When we moved to a new hosting facility ~5 years ago, I went with just a single public IP as well. It's worked fairly smoothly. We use a loadbalancer to decide the real destination and forward the traffic on to the actual servers handling the requests. This has worked flawlessly and I'd definitely go that route again in the future.
I always wonder just how much can a single load balancer do? Even if it is just forwarding request/replies, at something like hundreds of thousands of queries per second how does it work?
First of all, you’ll be amazed at what hardware load balancers can do.
Secondly, if you want you can still have multiple load balancers listen to a single IP; it’s a bit more tricky to pull that off with HTTP load balancing rather than just network load balancing, but not impossible.
Unimog is key to making the deployment described in the paper work.
Another way of thinking about this is that we have a single virtual load balancer (backed by all the physical machines in the DC) sitting in front of services that transform/terminate/filter/etc customer traffic.

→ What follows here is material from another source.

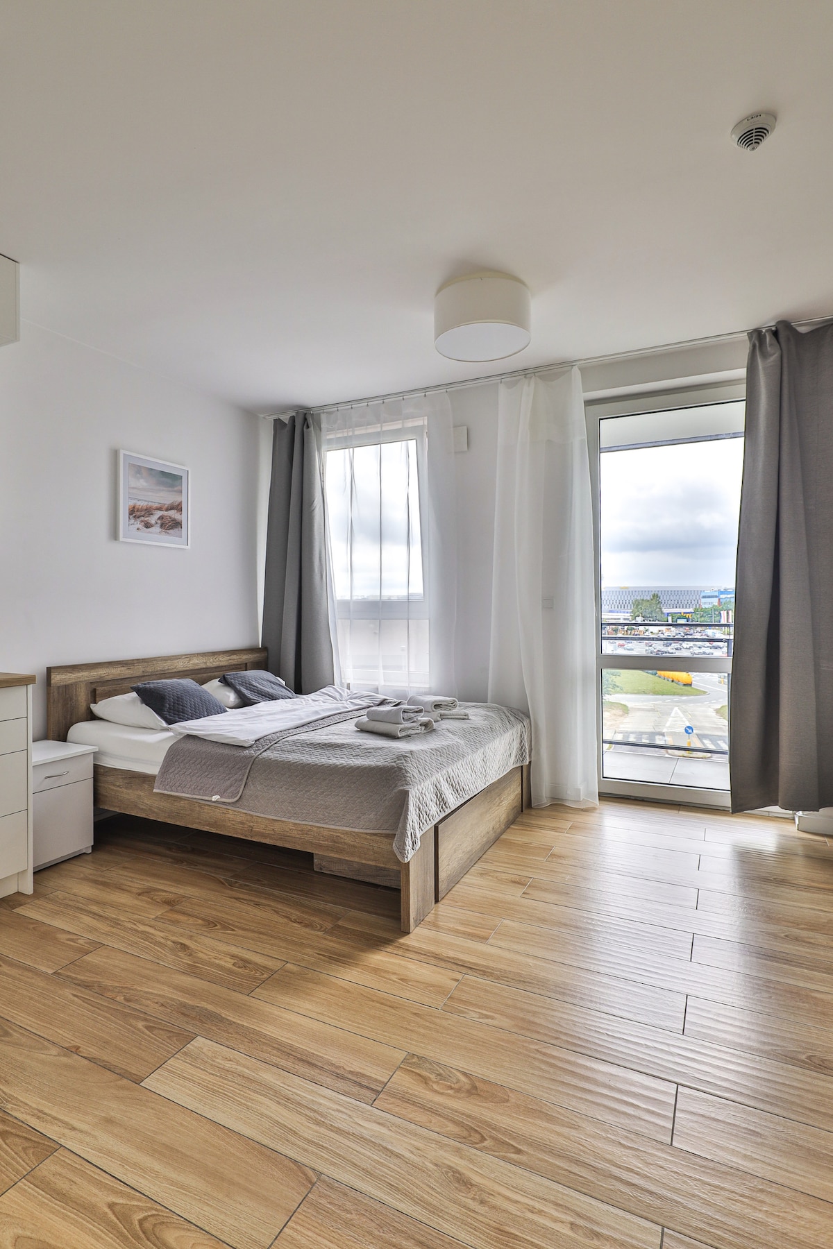 Udoban, potpuno opremljen stan u novoj zgradi. Dnevni boravak sa otvorenom kuhinjom podeljen na trpezariju i prostor za sedenje. Spavaća soba ima veliki krevet i prostranu garderobu. Postoji i ormar kao dodatni prostor za odlaganje. U blizini ima prodavnica, restorana i kafića Oprema: klima-uređaj, aparat za espreso, kuvalo za vodu, pegla, daska za peglanje, veš mašina Dolazak sa aerodroma Šopen 20 min. taksi 50 min. komunikacija od aerodroma Modlin 50 minuta taksijem 120 min komunikacija

Thanks! I am more curious about the physical aspect of it. How do you get multiple switches to share an IP? What determines with switch forwards the packets? Like, simply, what wires connect to what?

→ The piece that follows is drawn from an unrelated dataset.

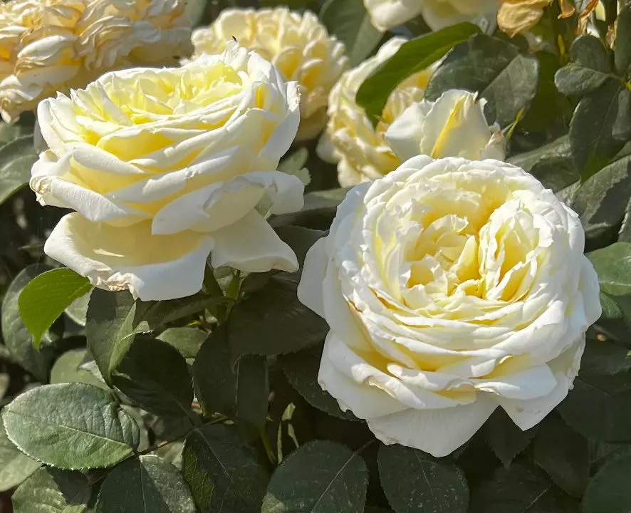 Lovely ivory to white petal packed blooms making a nice ruffled form. The blooms are produced in clusters in a midst of healthy rich green foliage with a sweet scent. This variety tends to be very healthy and repeat flowers from early summer. The rose is named in celebration of the royal marriage of the Crown Princess Mary to Frederik, Crown Prince of Denmark.

Your switches run a routing protocol (almost always BPG) and your load balancers all announce the same IP to them. This results in a routing table with many next hops for the LB IP, and traffic is distributed across them using ECMP, typically with some resilient hashing scheme so that a given flow will always go to the same physical LB, even if there are topology changes due to LB or switch failures.
At the edges, your switches or border routers announce the IP to all your peers and transit ISPs.
Yes, this. The beauty of the Unimog setup we run in production is we are resilient to ECMP rehash events — each server acting as a load balancer has access to state (backed by Consul) that tells it which flow belongs to which application server.